PROBLEM TO WORK ON> Set down, please, exactly the lines below that run from the line with "for high-resolution version." to the line with "wearing size S", both lines included.

INPUT>
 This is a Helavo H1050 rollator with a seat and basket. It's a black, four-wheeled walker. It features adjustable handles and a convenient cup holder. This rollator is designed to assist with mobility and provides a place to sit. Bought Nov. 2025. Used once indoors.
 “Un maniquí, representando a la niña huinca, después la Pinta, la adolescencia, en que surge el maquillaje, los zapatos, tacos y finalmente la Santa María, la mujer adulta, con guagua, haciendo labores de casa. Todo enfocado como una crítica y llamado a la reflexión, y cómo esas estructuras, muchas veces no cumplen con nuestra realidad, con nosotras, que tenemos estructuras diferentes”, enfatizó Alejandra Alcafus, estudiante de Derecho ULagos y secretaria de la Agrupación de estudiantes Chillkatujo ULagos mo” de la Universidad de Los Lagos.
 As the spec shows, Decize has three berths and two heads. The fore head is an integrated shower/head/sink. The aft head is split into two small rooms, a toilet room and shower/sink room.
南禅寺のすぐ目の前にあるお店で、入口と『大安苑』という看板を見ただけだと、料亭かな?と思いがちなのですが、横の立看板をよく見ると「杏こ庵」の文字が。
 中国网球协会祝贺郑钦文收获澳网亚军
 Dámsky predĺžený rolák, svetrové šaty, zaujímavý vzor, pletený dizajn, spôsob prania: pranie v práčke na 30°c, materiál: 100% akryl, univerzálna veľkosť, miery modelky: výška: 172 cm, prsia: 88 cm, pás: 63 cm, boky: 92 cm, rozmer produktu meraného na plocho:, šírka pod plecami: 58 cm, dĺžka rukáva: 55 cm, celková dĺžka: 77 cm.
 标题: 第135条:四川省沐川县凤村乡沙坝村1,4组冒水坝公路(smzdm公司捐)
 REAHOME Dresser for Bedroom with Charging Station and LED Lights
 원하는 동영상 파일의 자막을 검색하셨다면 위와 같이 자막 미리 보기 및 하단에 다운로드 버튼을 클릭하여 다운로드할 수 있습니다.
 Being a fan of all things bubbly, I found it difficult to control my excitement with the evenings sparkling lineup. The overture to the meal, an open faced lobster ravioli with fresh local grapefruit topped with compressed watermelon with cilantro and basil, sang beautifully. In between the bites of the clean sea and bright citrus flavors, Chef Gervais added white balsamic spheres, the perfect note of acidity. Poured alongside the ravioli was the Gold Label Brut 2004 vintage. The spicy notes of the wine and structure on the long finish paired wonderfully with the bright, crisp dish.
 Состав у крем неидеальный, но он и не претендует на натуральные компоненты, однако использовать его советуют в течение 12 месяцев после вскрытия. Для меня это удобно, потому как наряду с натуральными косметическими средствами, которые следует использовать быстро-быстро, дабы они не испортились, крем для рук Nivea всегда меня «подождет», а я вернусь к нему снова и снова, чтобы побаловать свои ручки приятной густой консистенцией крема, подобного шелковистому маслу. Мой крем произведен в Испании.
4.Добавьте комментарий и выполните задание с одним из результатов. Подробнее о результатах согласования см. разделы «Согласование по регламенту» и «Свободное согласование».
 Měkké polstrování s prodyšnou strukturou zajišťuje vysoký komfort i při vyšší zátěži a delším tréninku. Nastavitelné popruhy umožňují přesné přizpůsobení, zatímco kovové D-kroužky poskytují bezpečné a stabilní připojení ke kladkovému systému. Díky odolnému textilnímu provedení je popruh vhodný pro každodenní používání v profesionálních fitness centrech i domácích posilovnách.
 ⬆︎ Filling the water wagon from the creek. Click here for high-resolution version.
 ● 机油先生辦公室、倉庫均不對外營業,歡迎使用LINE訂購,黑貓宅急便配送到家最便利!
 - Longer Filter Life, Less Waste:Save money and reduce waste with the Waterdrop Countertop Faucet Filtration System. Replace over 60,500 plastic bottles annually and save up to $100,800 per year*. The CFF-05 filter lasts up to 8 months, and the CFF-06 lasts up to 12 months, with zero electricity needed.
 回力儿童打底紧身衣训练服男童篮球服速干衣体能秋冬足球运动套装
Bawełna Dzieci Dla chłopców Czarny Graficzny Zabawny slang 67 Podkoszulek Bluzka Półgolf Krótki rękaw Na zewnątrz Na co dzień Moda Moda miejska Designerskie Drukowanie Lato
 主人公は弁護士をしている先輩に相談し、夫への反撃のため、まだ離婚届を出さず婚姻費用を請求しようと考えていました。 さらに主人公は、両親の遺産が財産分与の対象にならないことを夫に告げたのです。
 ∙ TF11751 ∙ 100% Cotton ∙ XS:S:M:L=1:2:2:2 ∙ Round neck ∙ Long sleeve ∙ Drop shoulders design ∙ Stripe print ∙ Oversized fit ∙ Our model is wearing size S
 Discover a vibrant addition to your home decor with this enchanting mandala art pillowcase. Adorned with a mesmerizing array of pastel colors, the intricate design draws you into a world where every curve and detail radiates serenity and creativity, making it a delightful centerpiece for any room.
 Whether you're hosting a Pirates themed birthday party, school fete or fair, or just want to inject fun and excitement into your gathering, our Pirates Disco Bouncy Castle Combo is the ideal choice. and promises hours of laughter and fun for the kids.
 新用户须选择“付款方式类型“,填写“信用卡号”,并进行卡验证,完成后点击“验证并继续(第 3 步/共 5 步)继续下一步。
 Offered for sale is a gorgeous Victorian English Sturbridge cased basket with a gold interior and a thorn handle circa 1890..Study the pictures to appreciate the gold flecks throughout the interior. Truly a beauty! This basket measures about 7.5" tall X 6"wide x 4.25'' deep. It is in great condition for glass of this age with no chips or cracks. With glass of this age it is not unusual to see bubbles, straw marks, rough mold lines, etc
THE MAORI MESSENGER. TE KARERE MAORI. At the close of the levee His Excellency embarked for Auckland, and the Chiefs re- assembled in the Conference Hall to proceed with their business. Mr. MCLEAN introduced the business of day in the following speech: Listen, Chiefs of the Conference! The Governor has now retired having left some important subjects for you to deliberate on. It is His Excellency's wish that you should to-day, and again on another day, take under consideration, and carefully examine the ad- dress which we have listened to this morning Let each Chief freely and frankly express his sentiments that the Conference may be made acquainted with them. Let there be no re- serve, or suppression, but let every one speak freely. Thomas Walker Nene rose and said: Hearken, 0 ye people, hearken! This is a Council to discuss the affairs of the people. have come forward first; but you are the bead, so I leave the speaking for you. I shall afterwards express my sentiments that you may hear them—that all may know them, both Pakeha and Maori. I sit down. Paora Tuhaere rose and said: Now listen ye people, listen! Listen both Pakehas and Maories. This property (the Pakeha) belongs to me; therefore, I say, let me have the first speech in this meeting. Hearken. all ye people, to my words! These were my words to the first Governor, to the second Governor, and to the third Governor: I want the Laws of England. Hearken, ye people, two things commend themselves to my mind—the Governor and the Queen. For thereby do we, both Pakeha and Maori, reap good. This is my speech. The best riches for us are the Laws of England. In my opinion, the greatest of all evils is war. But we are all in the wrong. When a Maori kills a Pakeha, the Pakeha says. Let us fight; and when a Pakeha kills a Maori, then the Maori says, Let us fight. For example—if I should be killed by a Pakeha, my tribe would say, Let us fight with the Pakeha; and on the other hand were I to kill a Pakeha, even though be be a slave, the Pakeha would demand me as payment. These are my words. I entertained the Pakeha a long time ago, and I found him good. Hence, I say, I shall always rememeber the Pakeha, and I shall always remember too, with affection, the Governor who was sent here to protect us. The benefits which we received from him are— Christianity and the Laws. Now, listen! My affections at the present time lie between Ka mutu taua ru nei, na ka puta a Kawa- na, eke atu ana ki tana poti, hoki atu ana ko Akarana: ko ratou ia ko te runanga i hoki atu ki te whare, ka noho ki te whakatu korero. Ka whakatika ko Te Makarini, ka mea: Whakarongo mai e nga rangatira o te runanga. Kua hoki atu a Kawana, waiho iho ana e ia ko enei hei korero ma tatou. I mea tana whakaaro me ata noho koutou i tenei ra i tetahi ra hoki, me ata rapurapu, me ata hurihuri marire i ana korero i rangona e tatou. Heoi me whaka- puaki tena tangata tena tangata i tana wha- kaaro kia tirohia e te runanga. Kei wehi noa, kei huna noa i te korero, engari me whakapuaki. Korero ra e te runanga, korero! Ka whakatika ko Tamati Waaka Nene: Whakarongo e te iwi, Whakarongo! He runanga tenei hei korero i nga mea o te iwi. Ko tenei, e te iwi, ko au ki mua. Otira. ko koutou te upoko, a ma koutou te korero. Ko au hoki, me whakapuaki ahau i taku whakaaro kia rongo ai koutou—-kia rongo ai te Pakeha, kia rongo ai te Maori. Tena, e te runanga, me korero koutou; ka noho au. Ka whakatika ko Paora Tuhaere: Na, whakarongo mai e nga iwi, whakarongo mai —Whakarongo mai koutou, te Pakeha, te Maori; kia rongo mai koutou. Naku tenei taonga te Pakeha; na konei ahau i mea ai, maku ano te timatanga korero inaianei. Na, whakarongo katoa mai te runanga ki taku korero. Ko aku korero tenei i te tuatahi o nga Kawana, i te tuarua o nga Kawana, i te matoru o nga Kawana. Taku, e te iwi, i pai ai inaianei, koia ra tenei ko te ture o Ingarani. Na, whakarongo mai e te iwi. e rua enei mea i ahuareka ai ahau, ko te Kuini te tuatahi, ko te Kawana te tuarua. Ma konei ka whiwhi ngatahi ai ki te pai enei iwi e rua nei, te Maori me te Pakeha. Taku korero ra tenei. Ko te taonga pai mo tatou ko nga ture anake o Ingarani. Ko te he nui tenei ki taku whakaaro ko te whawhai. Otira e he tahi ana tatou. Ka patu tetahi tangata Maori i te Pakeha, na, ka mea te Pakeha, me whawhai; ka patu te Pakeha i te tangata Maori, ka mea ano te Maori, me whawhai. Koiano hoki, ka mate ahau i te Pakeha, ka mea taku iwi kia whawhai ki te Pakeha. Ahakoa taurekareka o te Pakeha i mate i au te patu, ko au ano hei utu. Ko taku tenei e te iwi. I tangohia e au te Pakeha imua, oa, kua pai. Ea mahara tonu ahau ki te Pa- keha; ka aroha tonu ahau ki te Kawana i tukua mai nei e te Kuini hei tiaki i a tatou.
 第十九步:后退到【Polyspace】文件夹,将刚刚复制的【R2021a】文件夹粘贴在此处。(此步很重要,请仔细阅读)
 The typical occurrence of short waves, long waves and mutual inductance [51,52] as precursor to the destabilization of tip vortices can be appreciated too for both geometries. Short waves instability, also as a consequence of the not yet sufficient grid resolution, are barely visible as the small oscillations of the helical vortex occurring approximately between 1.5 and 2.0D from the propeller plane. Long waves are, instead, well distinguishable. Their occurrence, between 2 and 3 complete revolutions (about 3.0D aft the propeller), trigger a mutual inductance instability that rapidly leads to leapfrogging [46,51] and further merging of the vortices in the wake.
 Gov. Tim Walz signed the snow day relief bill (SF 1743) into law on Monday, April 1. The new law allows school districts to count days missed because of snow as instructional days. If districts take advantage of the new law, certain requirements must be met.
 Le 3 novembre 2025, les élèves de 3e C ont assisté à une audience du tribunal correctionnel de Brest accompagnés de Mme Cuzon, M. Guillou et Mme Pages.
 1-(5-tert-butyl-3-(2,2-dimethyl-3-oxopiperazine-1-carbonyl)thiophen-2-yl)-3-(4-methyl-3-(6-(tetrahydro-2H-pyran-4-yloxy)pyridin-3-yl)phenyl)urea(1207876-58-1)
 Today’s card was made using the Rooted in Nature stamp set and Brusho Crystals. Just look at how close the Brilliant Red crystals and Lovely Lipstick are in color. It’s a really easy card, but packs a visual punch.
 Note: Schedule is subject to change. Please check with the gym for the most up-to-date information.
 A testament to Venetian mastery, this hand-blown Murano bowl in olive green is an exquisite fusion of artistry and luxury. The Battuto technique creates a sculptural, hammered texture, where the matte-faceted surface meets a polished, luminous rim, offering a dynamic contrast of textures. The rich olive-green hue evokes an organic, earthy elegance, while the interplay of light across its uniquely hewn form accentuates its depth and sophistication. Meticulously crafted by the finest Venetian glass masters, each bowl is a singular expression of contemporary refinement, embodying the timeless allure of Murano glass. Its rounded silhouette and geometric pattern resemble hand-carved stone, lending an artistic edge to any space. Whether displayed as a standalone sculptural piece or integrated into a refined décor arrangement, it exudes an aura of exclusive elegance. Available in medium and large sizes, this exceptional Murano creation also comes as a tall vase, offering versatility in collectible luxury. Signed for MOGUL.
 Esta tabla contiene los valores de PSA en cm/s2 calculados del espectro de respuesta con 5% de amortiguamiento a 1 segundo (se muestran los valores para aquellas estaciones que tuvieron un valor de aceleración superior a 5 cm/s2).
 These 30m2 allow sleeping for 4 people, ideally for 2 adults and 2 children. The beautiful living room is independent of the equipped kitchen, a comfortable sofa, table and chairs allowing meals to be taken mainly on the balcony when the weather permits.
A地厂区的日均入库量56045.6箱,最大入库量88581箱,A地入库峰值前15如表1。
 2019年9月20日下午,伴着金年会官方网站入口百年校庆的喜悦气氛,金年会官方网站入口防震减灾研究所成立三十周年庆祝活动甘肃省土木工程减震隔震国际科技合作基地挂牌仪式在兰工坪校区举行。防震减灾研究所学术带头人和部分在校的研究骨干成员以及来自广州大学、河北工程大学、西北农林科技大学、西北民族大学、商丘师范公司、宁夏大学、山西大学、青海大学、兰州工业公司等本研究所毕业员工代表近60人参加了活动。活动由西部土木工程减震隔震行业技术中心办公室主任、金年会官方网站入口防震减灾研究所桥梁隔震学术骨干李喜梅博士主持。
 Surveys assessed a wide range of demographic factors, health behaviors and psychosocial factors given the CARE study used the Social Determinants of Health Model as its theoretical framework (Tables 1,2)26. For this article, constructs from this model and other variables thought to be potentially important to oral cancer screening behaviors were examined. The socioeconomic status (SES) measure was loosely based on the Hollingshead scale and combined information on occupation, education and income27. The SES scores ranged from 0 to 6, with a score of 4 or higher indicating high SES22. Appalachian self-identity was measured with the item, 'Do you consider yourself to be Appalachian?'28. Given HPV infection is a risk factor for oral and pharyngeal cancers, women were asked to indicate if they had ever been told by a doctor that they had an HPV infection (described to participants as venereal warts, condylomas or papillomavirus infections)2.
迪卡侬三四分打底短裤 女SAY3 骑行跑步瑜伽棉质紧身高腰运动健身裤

TASK SOLUTION>
 ⬆︎ Filling the water wagon from the creek. Click here for high-resolution version.
 ● 机油先生辦公室、倉庫均不對外營業,歡迎使用LINE訂購,黑貓宅急便配送到家最便利!
 - Longer Filter Life, Less Waste:Save money and reduce waste with the Waterdrop Countertop Faucet Filtration System. Replace over 60,500 plastic bottles annually and save up to $100,800 per year*. The CFF-05 filter lasts up to 8 months, and the CFF-06 lasts up to 12 months, with zero electricity needed.
 回力儿童打底紧身衣训练服男童篮球服速干衣体能秋冬足球运动套装
Bawełna Dzieci Dla chłopców Czarny Graficzny Zabawny slang 67 Podkoszulek Bluzka Półgolf Krótki rękaw Na zewnątrz Na co dzień Moda Moda miejska Designerskie Drukowanie Lato
 主人公は弁護士をしている先輩に相談し、夫への反撃のため、まだ離婚届を出さず婚姻費用を請求しようと考えていました。 さらに主人公は、両親の遺産が財産分与の対象にならないことを夫に告げたのです。
 ∙ TF11751 ∙ 100% Cotton ∙ XS:S:M:L=1:2:2:2 ∙ Round neck ∙ Long sleeve ∙ Drop shoulders design ∙ Stripe print ∙ Oversized fit ∙ Our model is wearing size S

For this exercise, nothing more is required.